Why cobalt-doped MoSe2 matters for energy storage
The team conducted a comparative study of tungsten, vanadium, and cobalt doping in MoSe2, identifying cobalt as the most effective dopant for enhancing energy storage performance. Dr. Vijeth H, Assistant Professor in the Department of Physics, notes that the device combines flexibility, high energy storage, and durability — traits essential for future portable and wearable technologies. The result is a device that can support rapid charge-discharge cycles without sacrificing performance, a key requirement for both consumer electronics and transportation.
Impressive performance metrics
The flexible supercapacitor achieves an energy density of 34.54 Wh/kg and maintains stability over more than 10,000 charge-discharge cycles. Importantly, its performance remains resilient under repeated bending and twisting, an essential feature for wearables and other flexible gear. These attributes position the device as a strong contender for integration into health-monitoring wearables, Internet of Things (IoT) gadgets, and robotics, as well as more demanding applications in electric mobility and renewable energy systems.
Implications for India’s energy landscape
India’s push for Atmanirbhar Bharat — self-reliant energy and manufacturing — gains a practical ally in this development. By advancing a flexible, high-performance storage technology, the research supports efforts to reduce dependence on imported batteries, expand clean energy storage capabilities, and enable more resilient energy systems. The success of the prototype could accelerate local manufacturing, job creation, and collaboration across academia and industry to bring cutting-edge storage solutions to market.
Next steps toward commercialization
The researchers outline a clear roadmap: optimize the electrode–electrolyte interface, explore solid-state gel electrolytes for enhanced safety, and scale the fabrication process toward pilot-level production. Industry partnerships are being explored to translate laboratory breakthroughs into commerce, with a focus on cost-effective manufacturing and reliable performance in real-world environments.

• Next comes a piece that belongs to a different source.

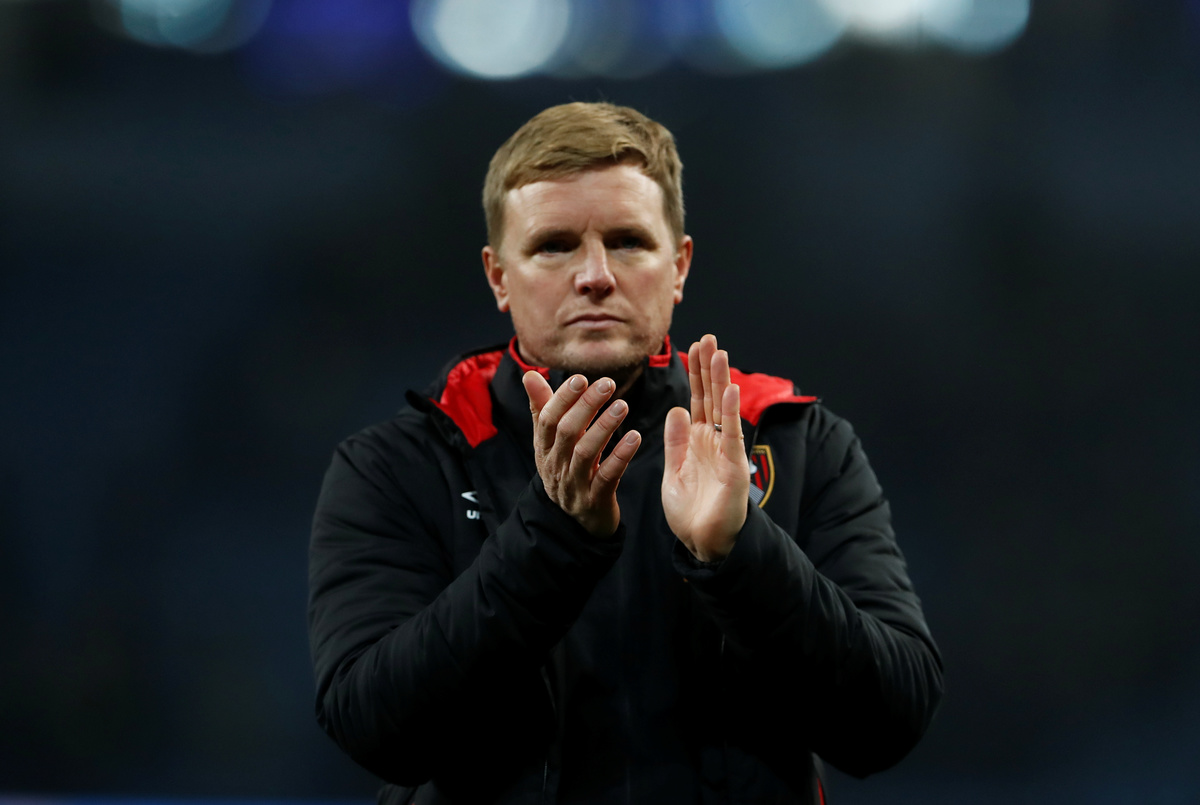 Soccer Football - Premier League - Manchester City vs AFC Bournemouth - Etihad Stadium, Manchester, Britain - December 23, 2017 Manchester City's Raheem Sterling celebrates scoring their second goal with Kyle Walker REUTERS/Andrew Yates Soccer Football - Premier League - Manchester City vs AFC Bournemouth - Etihad Stadium, Manchester, Britain - December 23, 2017 Manchester City's Sergio Aguero in action with Bournemouth's Nathan Ake REUTERS/Andrew Yates Soccer Football - Premier League - Manchester City vs AFC Bournemouth - Etihad Stadium, Manchester, Britain - December 23, 2017 Manchester City's Sergio Aguero in action with Bournemouth's Adam Smith REUTERS/Andrew Yates Soccer Football - Premier League - Manchester City vs AFC Bournemouth - Etihad Stadium, Manchester, Britain - December 23, 2017 Manchester City's Raheem Sterling scores their second goal past Bournemouth's Asmir Begovic REUTERS/Andrew Yates Soccer Football - Premier League - Manchester City vs AFC Bournemouth - Etihad Stadium, Manchester, Britain - December 23, 2017 Bournemouth manager Eddie Howe looks dejected after the match Soccer Football - Premier League - Manchester City vs AFC Bournemouth - Etihad Stadium, Manchester, Britain - December 23, 2017 Manchester City's Danilo celebrates scoring their fourth goal REUTERS/Andrew Yates Soccer Football - Premier League - Manchester City vs AFC Bournemouth - Etihad Stadium, Manchester, Britain - December 23, 2017 Manchester City manager Pep Guardiola Action Images via Reuters/Lee Smith Soccer Football - Premier League - Manchester City vs AFC Bournemouth - Etihad Stadium, Manchester, Britain - December 23, 2017 Manchester City's Sergio Aguero in action with Bournemouth's Adam Smith REUTERS/Andrew Yates Soccer Football - Premier League - Manchester City vs AFC Bournemouth - Etihad Stadium, Manchester, Britain - December 23, 2017 Manchester City's Ederson Action Images via Reuters/Lee Smith Soccer Football - Premier League - Manchester City vs AFC Bournemouth - Etihad Stadium, Manchester, Britain - December 23, 2017 Manchester City's Raheem Sterling scores their second goal past Bournemouth's Asmir Begovic REUTERS/Andrew Yates

Broader impact and applications
Beyond wearables, the device could influence regenerative braking systems in EVs, provide quick acceleration boosts, and extend the lifespan of conventional batteries by handling peak power demands more efficiently. As the technology matures, it may enable a broader ecosystem of flexible, high-energy storage solutions aligned with India’s green-energy goals and the broader global push toward sustainable technologies.
Voices from the research team
Dr. Vijeth H emphasizes that the device’s unique combination of flexibility and energy density is its standout feature for the next generation of portable and wearable devices. Pewe-u Marhu, a research scholar, adds that this collaboration signals a new era of self-reliant, sustainable energy storage in India, with continued work on safety, scalability, and industry partnerships on the horizon.
As India accelerates toward a cleaner, independent energy future, the Nagaland University team’s flexible supercapacitor offers a tangible path forward — one that could redefine how we power wearables, EVs, and renewable-energy systems in the years to come.